Author

Claudia Persico

Assistant Professor Department of Public Administration and Policy, American University

Claudia Persico is an applied policy scholar whose research focuses on environmental policy, inequality, health, and education policy using causal inference methods. Persico is also a faculty research fellow at the National Bureau of Economic Research (NBER), an IZA Institute of Labor Economics Research Affiliate, and a Research Affiliate with the Institute for Research on Poverty at the University of Wisconsin-Madison and the Institute for Policy Research at Northwestern University. Her research has recently been featured in the Quarterly Journal of Economics, the Journal of Labor Economics, and the Journal of Human Resources.
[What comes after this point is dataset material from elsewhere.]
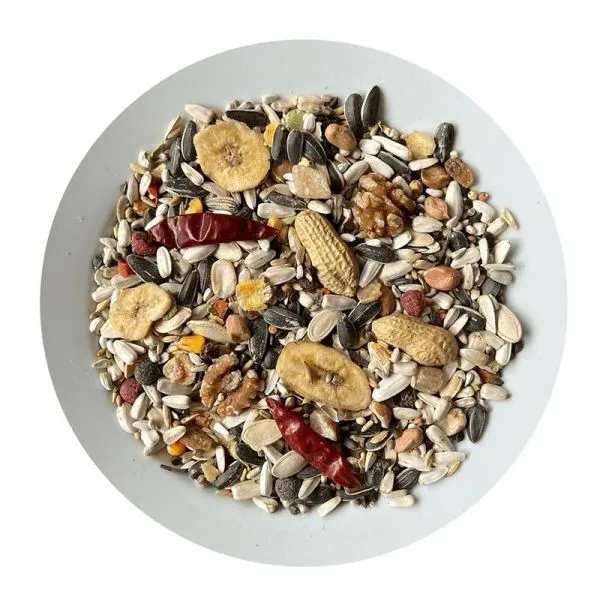 Zloženie: slnečnica biela, svetlice farbiarska, slnečnica žíhaná veľká, pohánka, banány, arašidy lúpané, ovos bezpluchý, hrachové vločky, tekvicové semená, paddy ryža, hrozienka, vlašské orechy, kukurica, extrudované granule s ovocím, pestrec mariánsky, kukuričné ​​vločky, cirok červený, cirok biely, sušená mrkva, ananás, papája, chilli papričky

Her current work examines the social and biological mechanisms underlying the relationships between poverty, the environment, and children’s cognitive development and health. In particular, much of her current research focuses on how early exposure to environmental pollution can cause inequality by affecting child and adult health, development, behavior, and academic achievement. She has also studied how school funding impacts long-term outcomes, how school segregation affects racial disproportionalities in special education, and how childhood exposure to pollution affects academic outcomes. Her research has been covered by the New York Times, the Washington Post, NPR, The Atlantic, and many other major media outlets. She was formerly an assistant professor at the University of Wisconsin-Madison.